CONCERNS ABOUT MINERALS
IN YOUR DRINKING WATER
The issue of minerals in water is complex. The scientific principle of osmosis is that water will move from an area of lower (solute) concentration to an area of higher (solute) concentration. In other words, water that is void of minerals is more hydrating because it will more readily cross the cell membranes in your body.
You may have heard that distilled water and water produced by reverse osmosis are ‘dead,’ due to the intensity of the processing and the lack of minerals. However, measuring the energy of reverse osmosis water disputes this argument. The notion of ‘dead’ water is a misnomer that you should disregard. This is one of those silly internet rumors that has no basis in fact.
Water has been demonstrated to have a healthy condition, and it may be true that water’s physical condition, specifically the angle of the bonds between water molecules, is affected by transport in pipes and by filtration. Another objection to drinking either distilled or RO water is that both will be acidic. This is easily countered with the addition of a filter to raise pH. Numerous water treatment salespeople claim to ‘remineralize’ RO water but tests show a rise in pH only and no significant increase in mineral content from any of these filters.
Some wellness professionals advise drinking spring water. Spring water has minerals and is thought to be naturally vibrant – if it has not been conveyed in a pipe. Mineral content has been show to be beneficial by a number of independent studies funded by the World Health Organization. These studies indicate that people who drink water containing minerals suffer lower rates of heart disease than people who drink water lacking minerals.
Spring waters can vary widely in water quality and mineral content. Mineral content is measured as total dissolved solids (tds). EPA suggests an upper limit for tds of 500 ppm for drinking water. This is because water with a high mineral content is not hydrating.

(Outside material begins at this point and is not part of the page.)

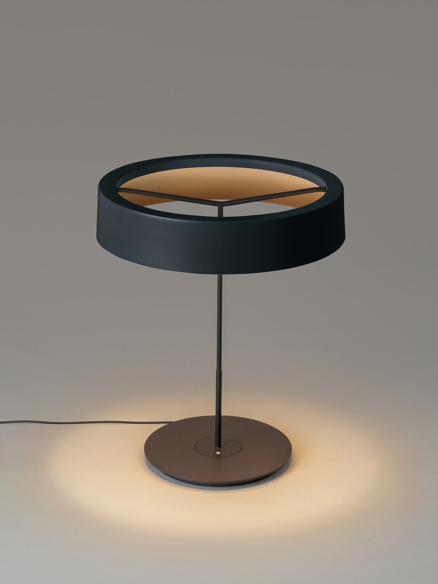 A lamp that combines simplicity and technology to create a lucent ring of light suspended in the air. It comes in two sizes, both available in matte white or graphite, to which a shade can be affixed. Or they can be left without a shade, unapologetic. Sin broadly illuminates any work surface with direct, warm light, and does not take up space on a desk because all kinds of errant items can be kept on its base, including papers.
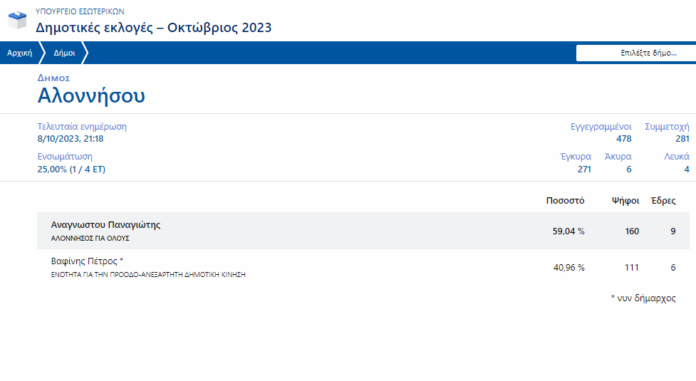 Ο Παναγιώτης Αναγνώστου προηγείται στη διαδικασία των δημοτικών εκλογών στην Αλόννησο, απέναντι στον νυν δήμαρχο Πέτρο Βαφίνη.

What does this mean for you? It means that lower tds water is more hydrating, and that minerals in water are a benefit. Minerals should be present in relatively low amounts, however, far less than EPA’s limit of 500 ppm. I like to drink water with a tds between 30 and 200.
Other considerations are just as important as minerals. For instance the presence of contaminants in your water may have serious health effects. When looking at your water report there is a section which identifies your specific water source. If your water source is a river, and there are cities upstream of your location, then your water will contain a dangerous mix of contaminants.
Recent studies show that the water provided to 43 million Americans contains pharmaceuticals such as hormones, pain killers, and other drugs.6 Even trace amounts of these chemicals can have serious health effects. The only treatment proven effective at removal of these contaminants is reverse osmosis. Therefore a review of the water source and contaminants in your water quality report will lead you to determine which type of water filtration system will be effective in removing the contaminants present in your water. In many cases these factors will far outweigh the benefit of mineral content.